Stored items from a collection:
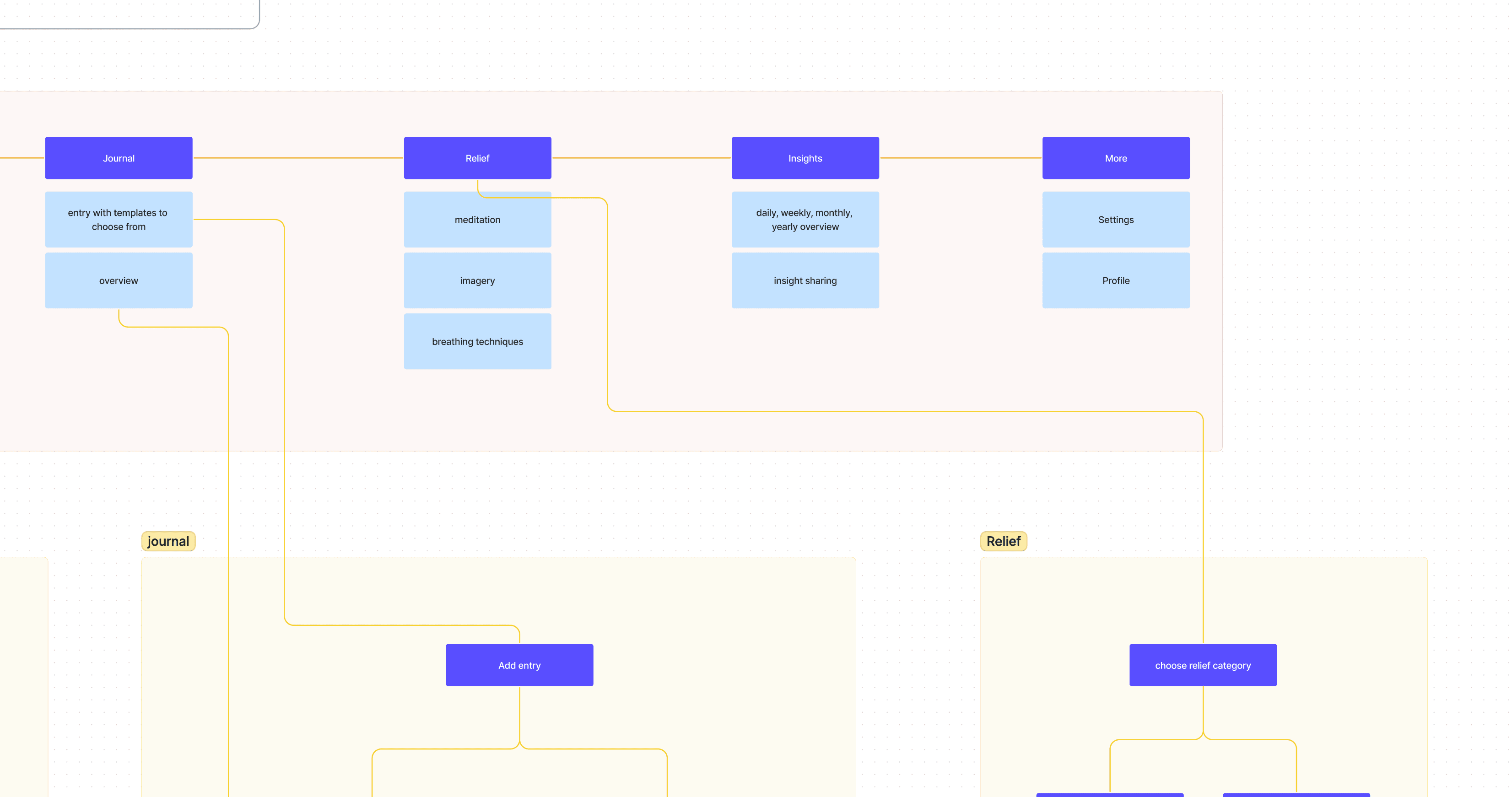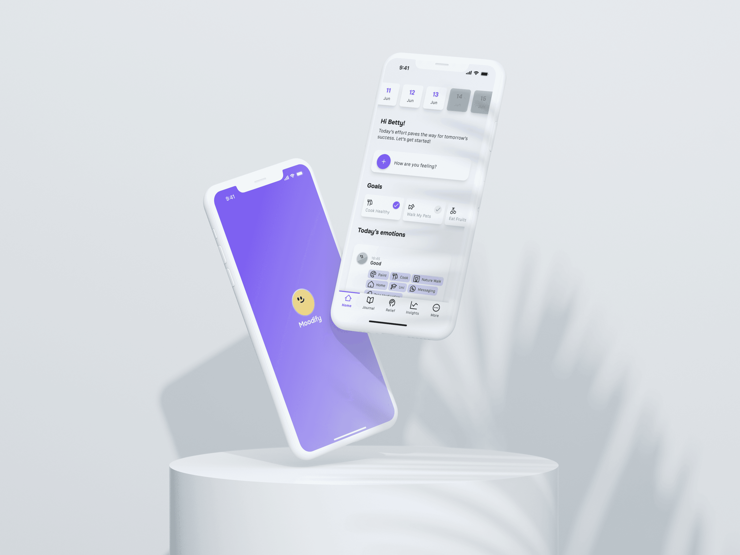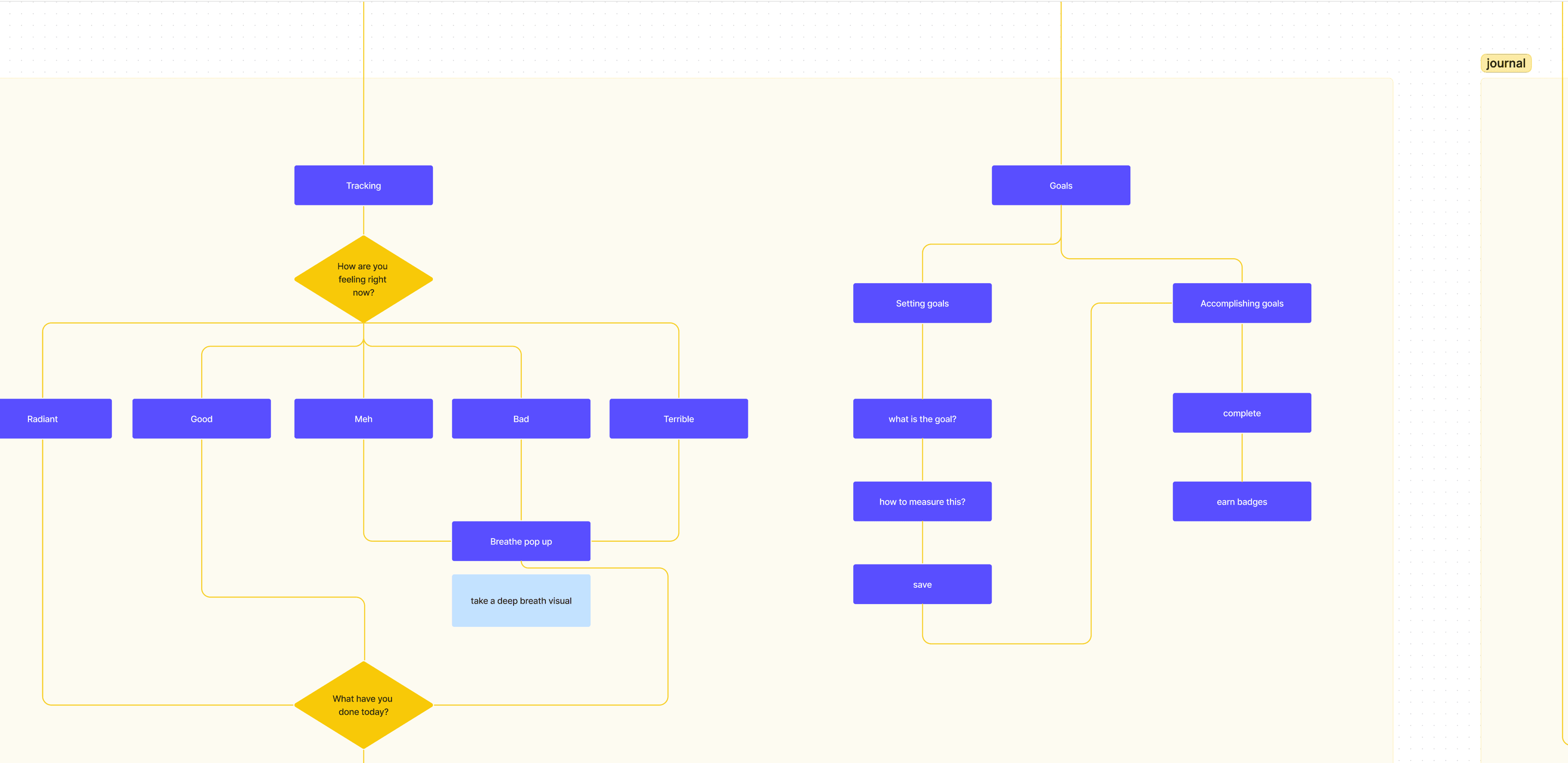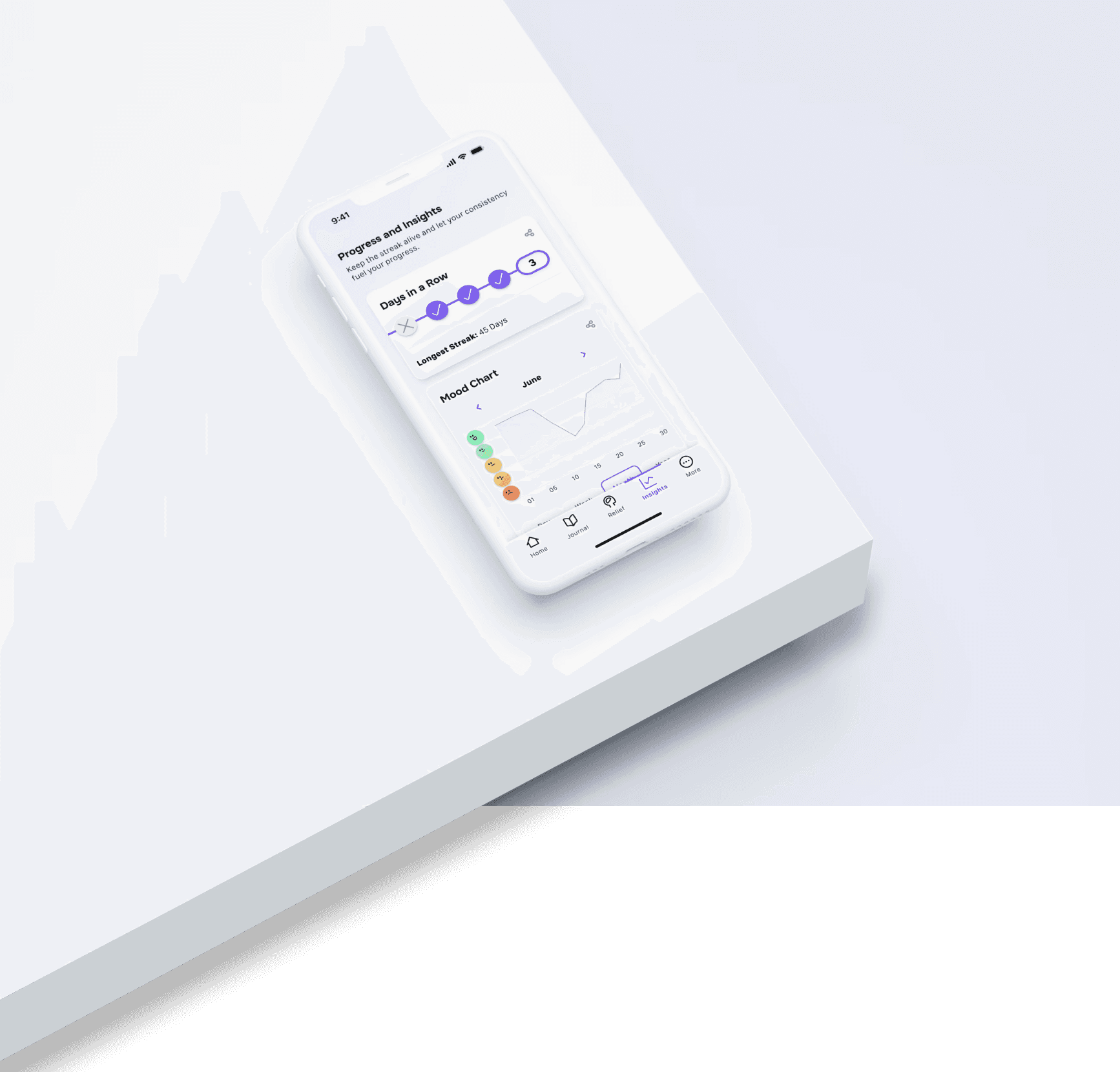 The ideating phase consisted of brainstorming, exploration and ideation, which allowed me to shape the information architecture, develop wireframes, and work on some visual explorations for this mood tracking app.
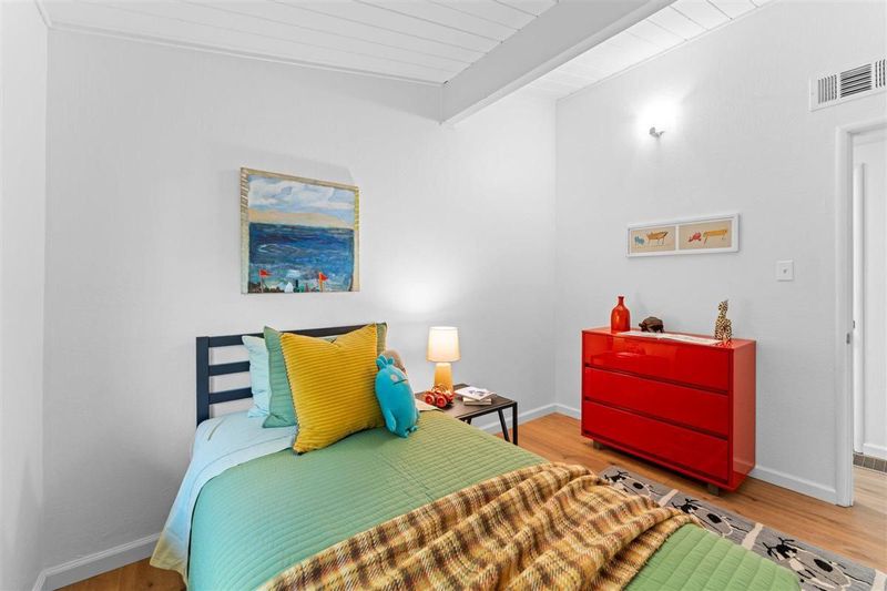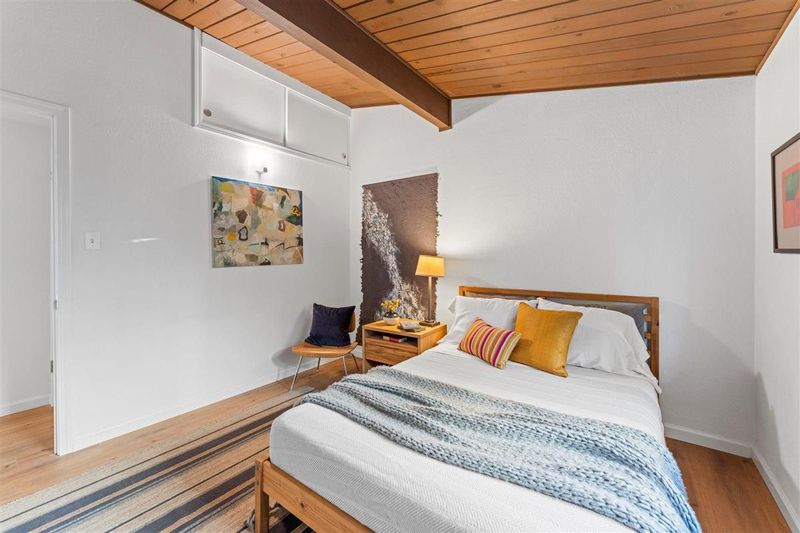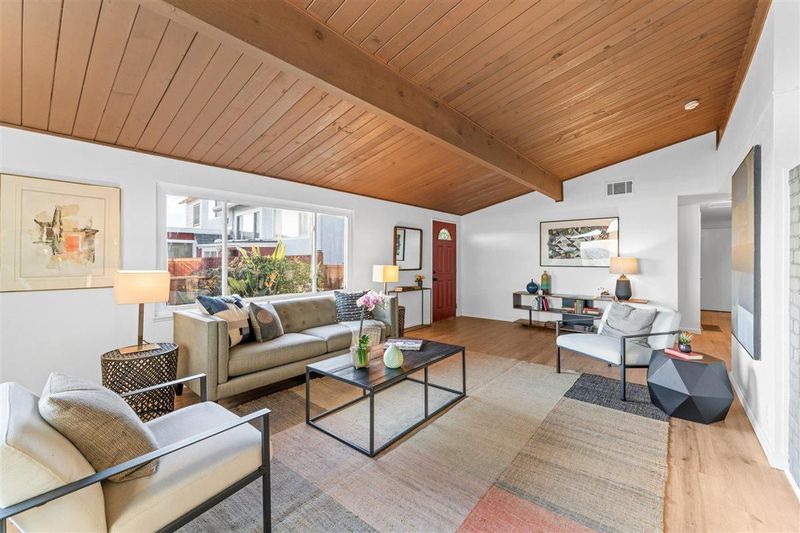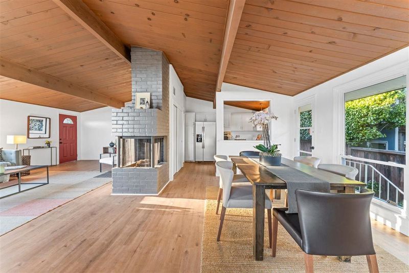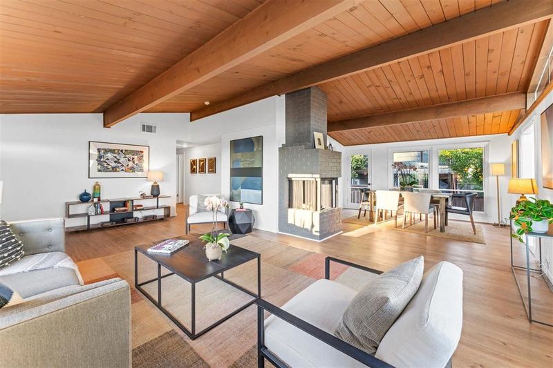 This fabulously updated Mid-Century Modern home showcases an incredible open floor plan with stunning post-and-beam ceilings throughout. The gracious living room flows effortlessly around a sleek modern fireplace into an open dining area and kitchen, all surrounded by expansive windows and striking architectural design. Whether entertaining or unwinding, the light-filled dining and family rooms offer the perfect setting, bathed in natural light and framed by beautiful south bay views. With three bedrooms and two bathrooms, this home is ideally situated in the sought-after Maxwell Park neighborhood and truly offers everything you could want.
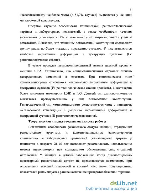 Впервые изучены особенности клинической, рентгенологической картины и лабораторных показателей, а также особенности течения заболевания у женщин с РА в зависимости от возраста, конституции и соматотипа. Выявлено, что женщины лептосомной конституции составляют группу риска по более тяжелому поражению суставов. У них выявляются наиболее выраженные деформации и деструкция суставов (IV рентгенологическая стадия).
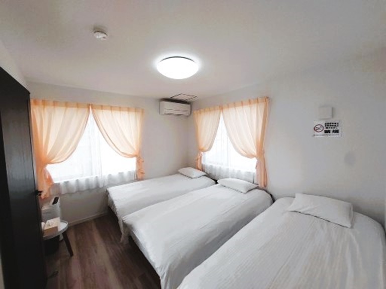シングルベッド3台を備えた寝室です。それぞれ独立したベッドで、ご家族やご友人とゆっくりとお休みいただけます。
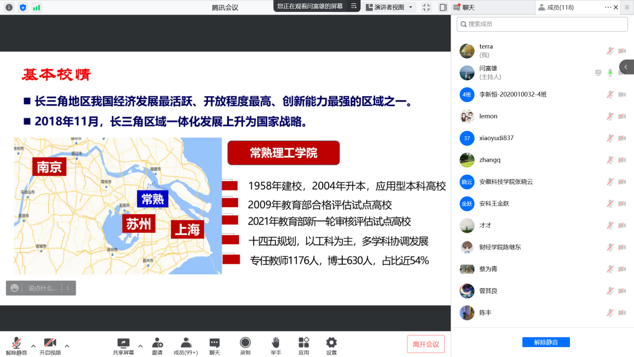 黄文祥教授作了《本科教育教学审核评估学校组织评建及改进要点》专题讲座。他首先从“做好顶层设计”“建立健全组织架构”“明确评估工作任务”三个方面对学校评估工作组织建立及工作职责进行了介绍,建议学校评估工作应统一领导、统一指令、分工负责、同步推进。他通过解读新一轮审核评估实施方案,指出新一轮审核评估在评估导向、评估内涵、评估类型、评估方法、评估功能等方面出现的新变化,强调这些变化体现了新时代高等教育的新思想和新要求,需要深刻领会和理解把握。他以常熟理工学院参加新一轮审核评估试点的经历,围绕“学校申请、自评自建、线上评估、入校评估、反馈结论、限期整改、督导复查”七个工作环节,从新一轮审核评估方案中的审核重点解读,全校各单位、各部门及全体师生员工在审核评估自评自建中的工作任务和要求,学校在线上评估和入校评估的工作准备等方面做了详细介绍,并从参与者的视角分享了新一轮教育教学审核评估的参评体会。黄文祥的报告站位高,内容实,指导性强,可操作性强,对学校审核评估工作开展具有很强的指导意义。

PROBLEM DETAILS: With the images excluded, output every record verbatim.

EXERCISE ANSWER:
 The ideating phase consisted of brainstorming, exploration and ideation, which allowed me to shape the information architecture, develop wireframes, and work on some visual explorations for this mood tracking app.
 This fabulously updated Mid-Century Modern home showcases an incredible open floor plan with stunning post-and-beam ceilings throughout. The gracious living room flows effortlessly around a sleek modern fireplace into an open dining area and kitchen, all surrounded by expansive windows and striking architectural design. Whether entertaining or unwinding, the light-filled dining and family rooms offer the perfect setting, bathed in natural light and framed by beautiful south bay views. With three bedrooms and two bathrooms, this home is ideally situated in the sought-after Maxwell Park neighborhood and truly offers everything you could want.
 Впервые изучены особенности клинической, рентгенологической картины и лабораторных показателей, а также особенности течения заболевания у женщин с РА в зависимости от возраста, конституции и соматотипа. Выявлено, что женщины лептосомной конституции составляют группу риска по более тяжелому поражению суставов. У них выявляются наиболее выраженные деформации и деструкция суставов (IV рентгенологическая стадия).
シングルベッド3台を備えた寝室です。それぞれ独立したベッドで、ご家族やご友人とゆっくりとお休みいただけます。
 黄文祥教授作了《本科教育教学审核评估学校组织评建及改进要点》专题讲座。他首先从“做好顶层设计”“建立健全组织架构”“明确评估工作任务”三个方面对学校评估工作组织建立及工作职责进行了介绍,建议学校评估工作应统一领导、统一指令、分工负责、同步推进。他通过解读新一轮审核评估实施方案,指出新一轮审核评估在评估导向、评估内涵、评估类型、评估方法、评估功能等方面出现的新变化,强调这些变化体现了新时代高等教育的新思想和新要求,需要深刻领会和理解把握。他以常熟理工学院参加新一轮审核评估试点的经历,围绕“学校申请、自评自建、线上评估、入校评估、反馈结论、限期整改、督导复查”七个工作环节,从新一轮审核评估方案中的审核重点解读,全校各单位、各部门及全体师生员工在审核评估自评自建中的工作任务和要求,学校在线上评估和入校评估的工作准备等方面做了详细介绍,并从参与者的视角分享了新一轮教育教学审核评估的参评体会。黄文祥的报告站位高,内容实,指导性强,可操作性强,对学校审核评估工作开展具有很强的指导意义。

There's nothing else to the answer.